Note: The Custom Modules feature is enabled per license. If you don't see Central > Custom Modules ask your SOASTA representative. This feature is not available in CloudTest Lite.

  1. Login to your CloudTest instance and navigate to Central > Custom Modules (under the Library node).
  2. Click the New icon.

Use the New Custom Module box for the remaining steps.

  1. In the New Custom Module box, click Choose File to select your Java code file. For example, java_websocket.jar.
  2. Assign a repository name. This will appear in the Central > Custom Modules list.
  3. Optionally, select a repository folder.

  1. Click OK to complete creation of the Custom Module.
  2. Repeat this step for any additional JAR files necessary to create your own scenario. In this example, we also uploaded WebSocketsExample.jar.

The Custom Modules list will show both of the new custom modules.

Note: The second JAR file uploaded in the above screenshot as a custom module (java_websocket.jar) is from the open source project.


Calling a Custom Module from a CloudTest Script

    1. Next, create a CloudTest script (from Central > Scripts) in your test that will call the new Custom Module.

In this example script, we will need the following lines of code:

    1. An import statement. In this case, we are using the websocketexample.
    2. A variable for the ID that we are generating.
    3. The execute method (mentioned above) to call the WebSocket server from the CloudTest script.
    4. A Result object call, this time from a CloudTest script (e.g. one written in JavaScript). In this case, the message will be "Example completed."

  1. Save the script before proceeding. Leave the script open in the Script Editor.

Associate the Custom Module with the Script

Next, we will create a binding of this script and the Custom Module we created above.

  1. With the script open in the Script Editor, click the Custom Modules button in the Script Editor.

When you do so, the Custom Modules panel opens on the right.

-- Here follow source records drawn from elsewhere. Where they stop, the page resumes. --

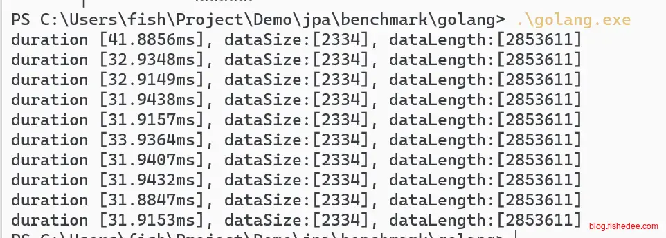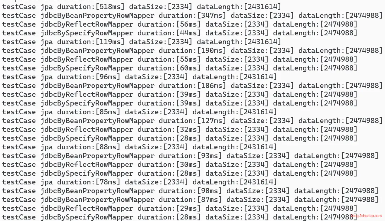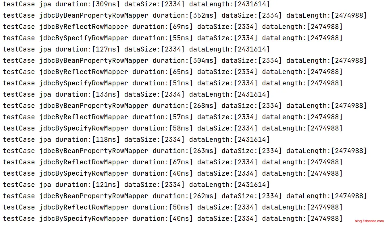 通过打包以后,重新启动jar文件,这个时候的是发布模式。可以看到,性能有了大幅的提高,jpa性能大概为78ms,jdbc性能为30ms,总体而言,jpa的获取数据依然有较大损耗,大概为jdbc的反射版本2倍有多。jdbc的BeanPropertyRowMapper性能非常差,大概为jdbc的反射版本的3倍。java的总体拉取性能和golang基本上是一致的,没什么区别。
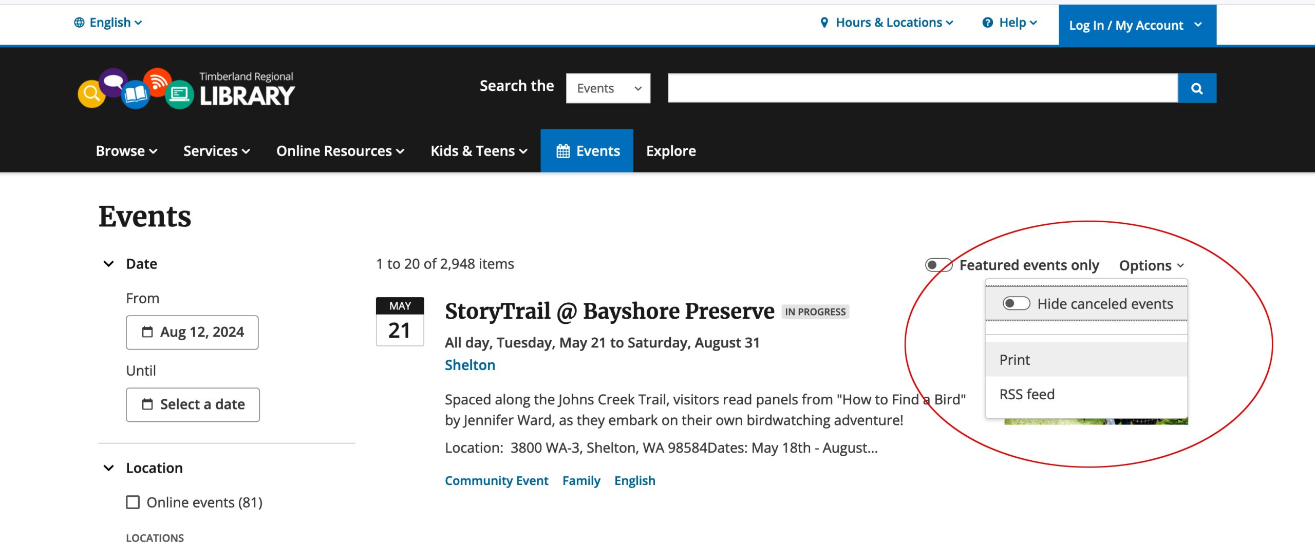 Yes! Visit our website and navigate to the events calendar. Select your "dates" 'Locations" and "categories" to personalize your search. Once you've made your selections click on the "Options" tab and select "Print".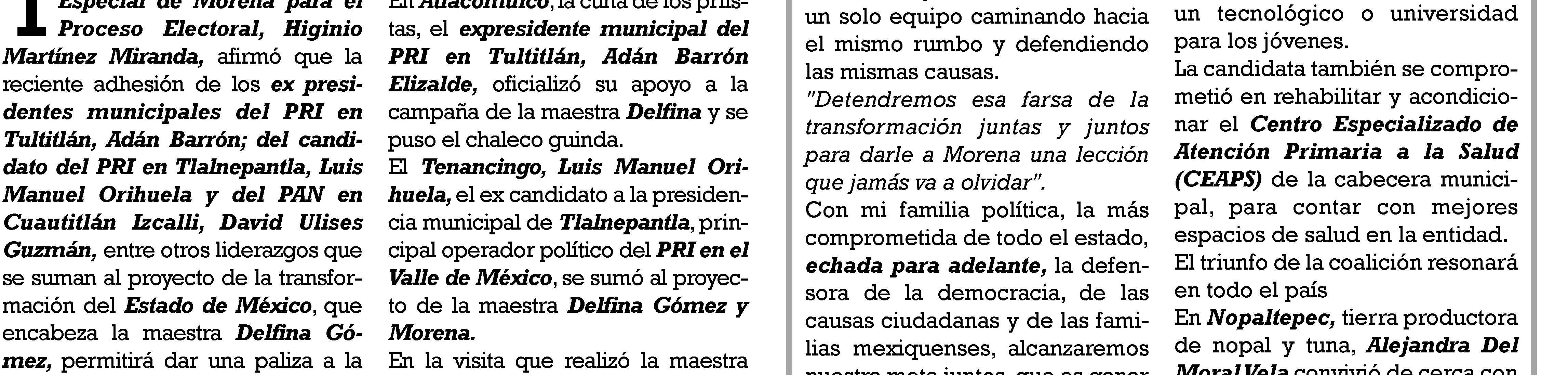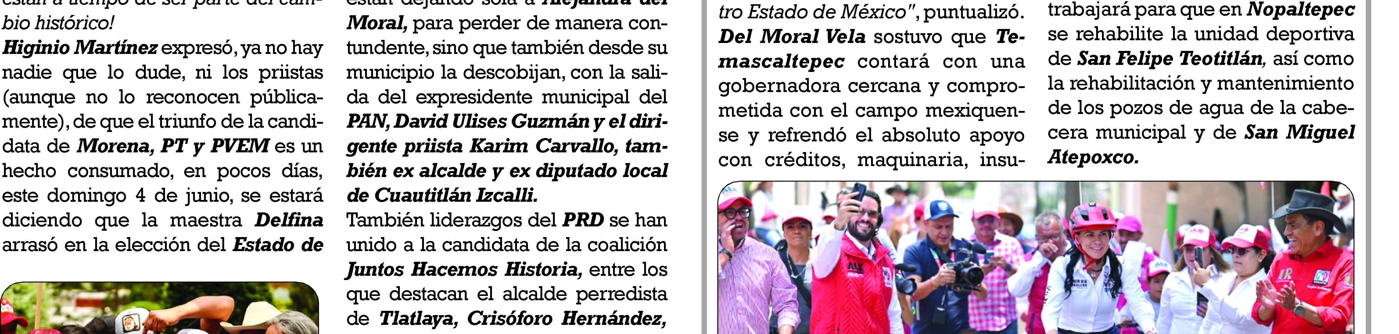 Cambiando de Tema, pero siguiendo con la política,los periodistas,bajo la dirección de nuestro presidente editor, Naim Libien Kaui, destacaron que en cuestiones publicitarias la candidata de Morena a la gubernatura del Estado de México, Delfina Gómez, supera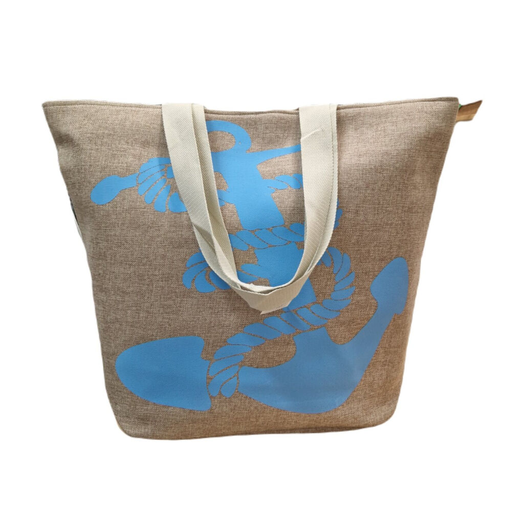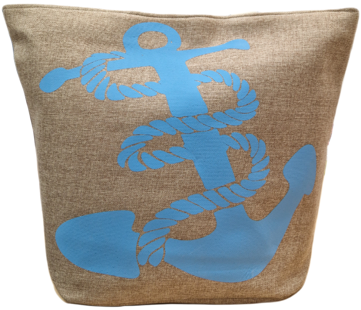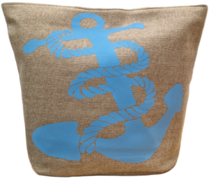 Prostorná plážová taška a modrým motivem kotvy.

  1. Click Add Custom Modules.
  2. Use the Choose custom module box to navigate to the custom module created above. For example, /Documentation/WebSocketsExample.
  3. .

  1. Click OK and repeat, if necessary. In this example, there is a second custom module to associate with this script.

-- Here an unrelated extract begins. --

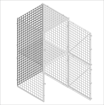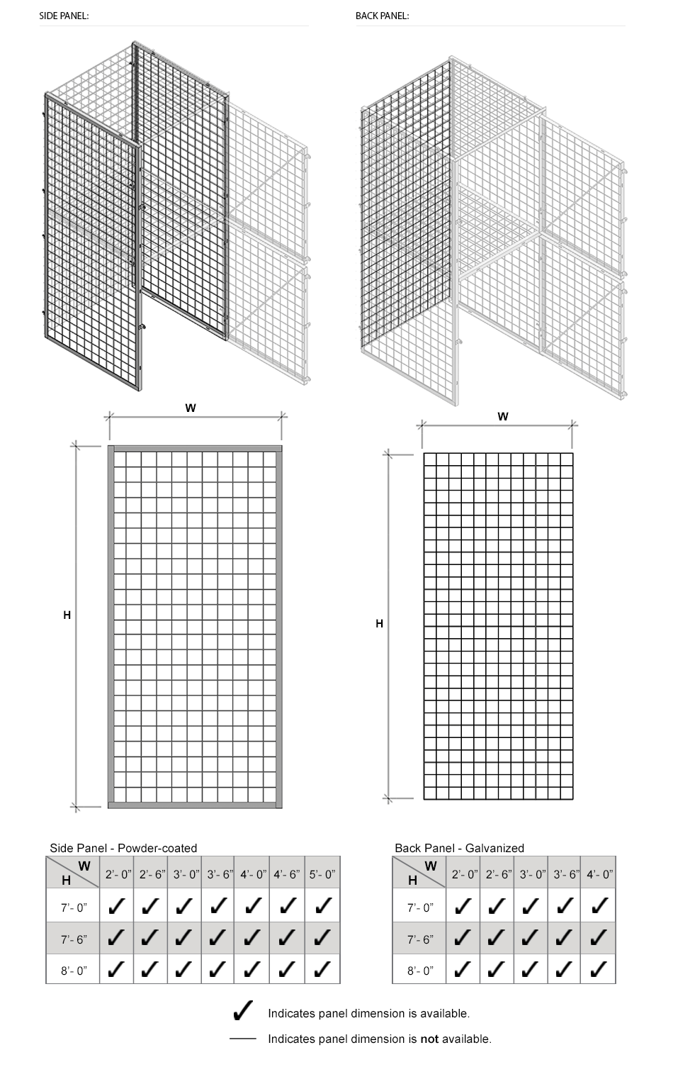 Side panels are made of framed 2" x 2" x 10 GA welded wire mesh with 1 ¼" x 1 ¼" x12GA structural angle. The back panel are made of unframed 2" x 2" x 6&8GA welded wire mesh.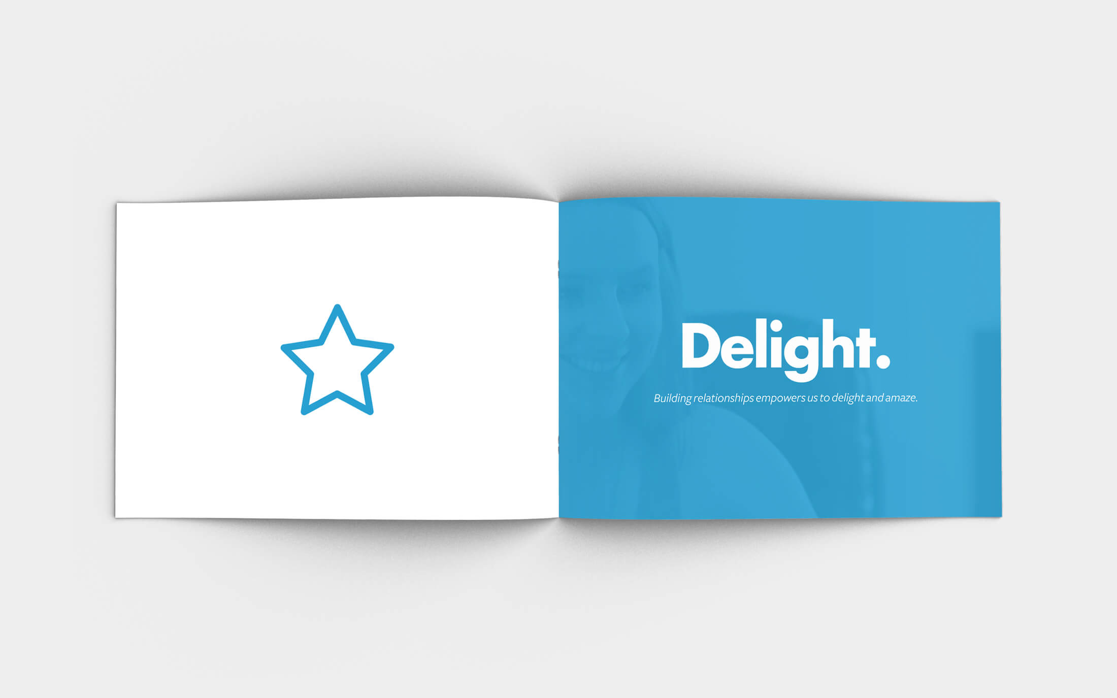 A unified blend of smart layout, clear messaging, vibrant color, whimsical photography and iconography provided a genuine, human, approach. Constructed with perforated pages, a blue sharpie, each owner was encouraged to interact. The book was designed to be a unique and personalized experience.

  1. Save the CloudTest script and give it a name before proceeding. For example, WebSocketsSample Script.

Use the Script in a Test Clip and Playing the Composition

The remaining steps are basic CloudTest test assembly steps.

  1. Create a test clip. For example, WebSocketsSample Clip. Refer to Creating a New Clip for steps.
  2. Create a group in the test clip, Group1.
  3. In Group1, add a second group, Group2.
  4. With the Clip Editor, lower panel Scripts tab shown, drag the script created above into Group2.

  1. Save the test clip and give it a name before proceeding. For example, WebSocketsSample Clip.
  2. From the Clip Editor toolbar, select Open in Test Composition.

  1. Click Save on the Composition Editor toolbar and give the new test composition a name. For example, WebSocketsSample Composition.
  2. Click the Play button on the Composition Editor toolbar. The composition begins to play and the Results tab appears showing the Result Details dashboard.

Examining Results

  1. Expand the Navigation Tree in the Result Details dashboard.
  2. Click the Foreground Transaction, and then click the Events List tab. This is a simulated transaction and it was defined in the WebSocketsExample.jar (shown in bold below):

// We'll put all of our "foreground work" into a Transaction in the Result.
SimulatedTransactionInfo simulatedTransactionInfo = result.createSimulatedTransactionInfo();
simulatedTransactionInfo.parentPathType = "Clip";
simulatedTransactionInfo.parentPath = "."; = "Foreground Transaction";
simulatedTransactionInfo.repeatIndex = -1;
simulatedTransactionInfo.deltaFromScheduledStart = 0;

  1. Examine the Events List results for each of the 3 messages in the test clip. Note how they relate to the simulated messages that were created in the WebSocketsExample.jar.

  1. Stop the test composition when ready.